▶ WHAT THE TASK REQUIRES: Output the listing word for word, minus images.

• • •

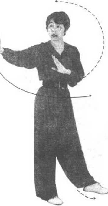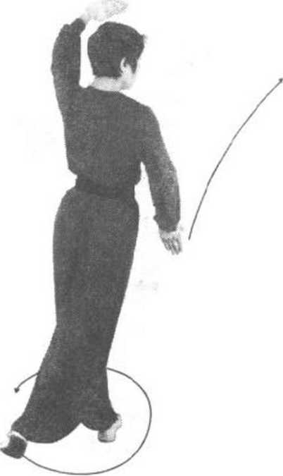 左脚向左前方90度落步, 脚前掌着地,身体右转45度。右 手随体向右摆掌,指尖向上,掌 心向外;左手内旋划弧至胸前立 掌,指尖向上,掌心向外。目视 右掌。【要求】 左脚落地双摆掌要求与转身协调一致,不可弓 腰、收腹.左脚跟内跟落地,重心前 移,身体左转90度;右脚跟离 地。左手向下、向左、向上划弧至 左额上方,掌心斜向上,掌指向 右;右手向下屈肘收至腰间,掌 心斜向前,指尖向下。目视前沉。沉。【要求】 跟脚传体与划弧架掌要协调配合,不可弓腰下沉。沉。
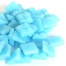 Deze matjes zijn op papier gelijmd. Als je ze in het water legt, weken de glazen steentjes er vanzelf af.
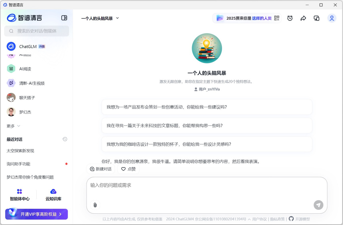 智谱清言,拥有千亿参数对话模型,支持多轮对话,具备内容创作、信息归纳总结等能力。基于ChatGLM中英双语大模型开发,通过万亿字符的文本与代码预训练,结合有监督微调技术,具备通用问答、多轮对话、创意写作、代码生成、虚拟对话、AI画图、文档和图片解读等能力。期待成为你的得力助手,无论在工作、学习,还是日常生活中我们都一直陪伴你。
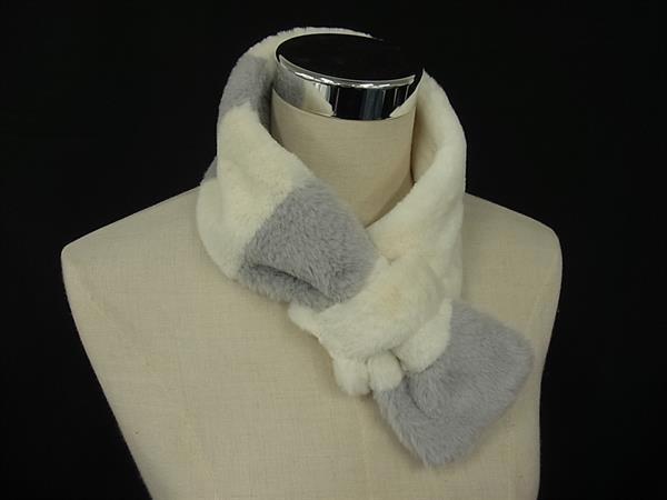 ■新品■未使用■ FURART ファーアート ポリエステル100% ティペット ストール マフラー 防寒具 アイボリー系×グレー系 DG0605
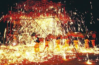 2月17日,確山縣民間藝人手舞龍燈穿梭在飛濺的鐵花之中,迎接農歷羊年的到來。確山鐵花曾一度瀕危,上世紀七八十年代,經過當地文化工作者搶救性挖掘,使之成為全國第二批非物質文化遺產項目。李璞 攝
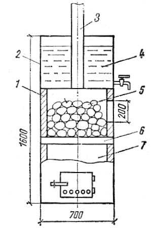 Подробный чертеж печи для бани из металлаБак для воды и место для камней

• • •

▶ WRITTEN ANSWER:
 左脚向左前方90度落步, 脚前掌着地,身体右转45度。右 手随体向右摆掌,指尖向上,掌 心向外;左手内旋划弧至胸前立 掌,指尖向上,掌心向外。目视 右掌。【要求】 左脚落地双摆掌要求与转身协调一致,不可弓 腰、收腹.左脚跟内跟落地,重心前 移,身体左转90度;右脚跟离 地。左手向下、向左、向上划弧至 左额上方,掌心斜向上,掌指向 右;右手向下屈肘收至腰间,掌 心斜向前,指尖向下。目视前沉。沉。【要求】 跟脚传体与划弧架掌要协调配合,不可弓腰下沉。沉。
 Deze matjes zijn op papier gelijmd. Als je ze in het water legt, weken de glazen steentjes er vanzelf af.
 智谱清言,拥有千亿参数对话模型,支持多轮对话,具备内容创作、信息归纳总结等能力。基于ChatGLM中英双语大模型开发,通过万亿字符的文本与代码预训练,结合有监督微调技术,具备通用问答、多轮对话、创意写作、代码生成、虚拟对话、AI画图、文档和图片解读等能力。期待成为你的得力助手,无论在工作、学习,还是日常生活中我们都一直陪伴你。
 ■新品■未使用■ FURART ファーアート ポリエステル100% ティペット ストール マフラー 防寒具 アイボリー系×グレー系 DG0605
 2月17日,確山縣民間藝人手舞龍燈穿梭在飛濺的鐵花之中,迎接農歷羊年的到來。確山鐵花曾一度瀕危,上世紀七八十年代,經過當地文化工作者搶救性挖掘,使之成為全國第二批非物質文化遺產項目。李璞 攝
 Подробный чертеж печи для бани из металлаБак для воды и место для камней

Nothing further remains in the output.